Он велел принести для Веры Алексеевны кресло и подушку, а для себя старый картуз, чтоб волосы не лезли в глаза, и сам принялся за работу.

– Ах, разбойники, что делают. Надо среза?ть, а они ее как морковку дергают. Невежество… Пропала к черту грядка! А вот это, между прочим, Verbe?na officinalis, рекомендую.

– Ты нас прямо-таки знакомишь. А почему officialis?

– Officinalis, ангельчик. А римляне ее называли цветком Венеры и Марса.

Сидя на корточках на краю грядки и дергая сорняки, он называл Вере Алексеевне растения, и странно было наблюдать, как его большие руки с осторожностью двигались вокруг стеблей. Устройством своего садика он занимался любовно и всерьез. Об этом увлечении мужа Вера Алексеевна уже знала, но теперь убедилось, что оно далеко не поверхностно.

– Так что, ангельчик, если будет мигрень или простуда, я уж знаю, что надо. А ты чудо как хороша с этой лавандой, прямо портрет писать.

– Ты тоже, – с улыбкой сказала Вера Алексеевна.

– Да уж точно в сказке – «вижу, хорош, ишь как черти-то выкатали». Картуз набоку и физиономия в земле. В полку животики бы надорвали – ротмистр Муравьев грядку копает, – и сам покатился со смеху, вообразив эту картину.

«Тёма», – мысленно позвала Вера Алексеевна и загадала про себя, обернется или нет.

Глава 11

1820 год – третий год их жизни в Петербурге – выдался беспокойным. Вера Алексеевна, несомненно уже, носила ребенка; ей бывало нехорошо, и больше всех волновался Артамон, стоило той оступиться или неловко повернуться. Будь его воля, он бы вообще запретил жене вставать, но Вера Алексеевна твердо поставила на своем: она не больна, в постельном режиме не нуждается и намерена вести привычный образ жизни до тех пор, пока будет в силах. Удручало Веру Алексеевну только то, что нельзя было гулять за городом, на просторе – езда по мостовой, даже самой гладкой, отзывалась мучительной болью в спине. Приходилось довольствоваться прогулками по набережной. Проходя порой мимо решетки Таврического сада, Вера Алексеевна жалела, что не может побывать внутри. Гранитная Воскресенская набережная, как ни странно, казалась ей куда невзрачнее вологодской. Вера Алексеевна спросила однажды мужа, не думает ли он о переводе в армию, куда-нибудь в провинцию. Ответом был удивленный взгляд, словно она сказала ни с чем не сообразную глупость.

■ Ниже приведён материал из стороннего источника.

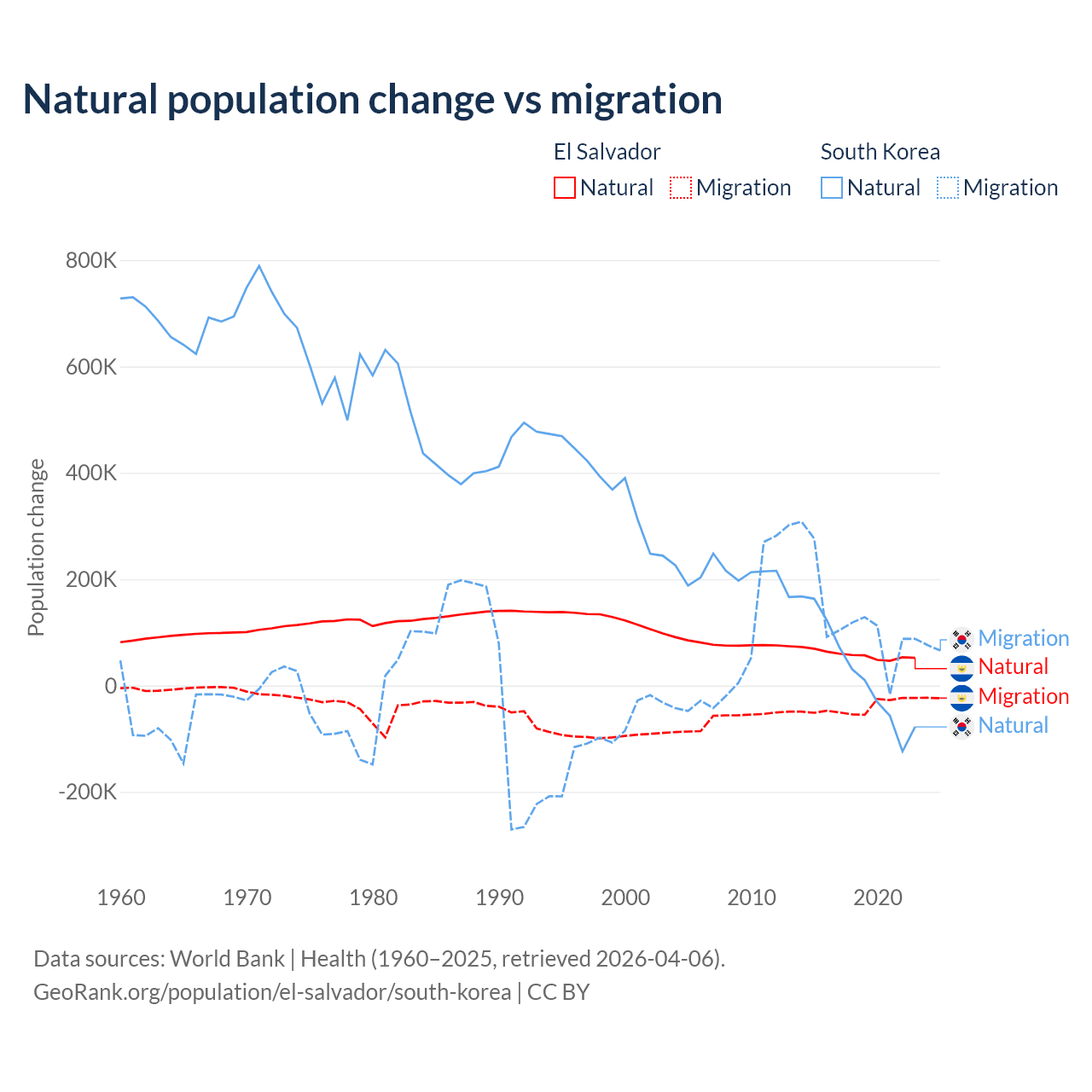 Over the last 10 years, 58.8% of the population change in El Salvador is from natural causes (a gain of 579,641 people) and 41.2% is from migration (a loss of 406,874 people). In South Korea 17.6% is from natural causes (a gain of 277,215 people) and 82.4% is from migration (a gain of 1,298,356 people).

Артамону нравилось в Петербурге, во всяком случае еще не успело наскучить после пятилетних скитаний. За обустройство собственного дома он взялся всерьез и ревностно, невзирая на то, что денег вечно не хватало от жалованья до жалованья. Артамон с удивительной легкостью растрачивал и раздавал все до рубля – стоило только попросить, и отказу не было никому. Когда приходил счет от портного или от булочника, и речи не шло о том, чтобы наконец расплатиться. Артамон немедленно придумывал, что бы купить еще, и приказывал приписать к счету «до круглой цифры». Вера Алексеевна по целым неделям не держала в руках наличных денег и, краснея от смущения, принуждена была набирать по лавкам в долг, чтобы подать обед и починить платье. Над канкринским семейством тем временем сгустились тучи: Егор Францевич подал в отставку, и поток благодеяний от Катишь заметно сократился. Катерина Захаровна со слезами жаловалась кузине, что Егор Францевич был вынужден просить вспомоществования от казны – ведь в столице жить так дорого! Вера Алексеевна верила и не верила: про богатство Канкрина ходили самые невероятные слухи.

В свое время не обошлась без слухов и скоропалительная женитьба Артамона, хоть и отмеченная благосклонностью государя. Дамы сплетничали, что спешное сватовство после трехмесячного знакомства и скромная, почти тайная церемония были вызваны самой что ни на есть насущной необходимостью «прикрыть грех». Однако же через полгода эти сплетни волей-неволей стихли. Вера Алексеевна исправно, по необходимости, хоть и без особого рвения, бывала в это время в свете, позволяя болтунам убедиться, что никакого недомогания она не испытывает. Мужчины, в свою очередь, уверяли, что Горяиновы, отчаянно желавшие сбыть с рук дочь – старую деву и почти бесприданницу, – пустили в ход всевозможные уловки и поставили простодушного Артамона в положение, из которого ему не удалось бы выкрутиться, не скомпрометировав девицу. Если иной молодец понахальнее сумел бы вовремя пойти на попятный, то Артамону Муравьеву ничего не оставалось, кроме как жениться…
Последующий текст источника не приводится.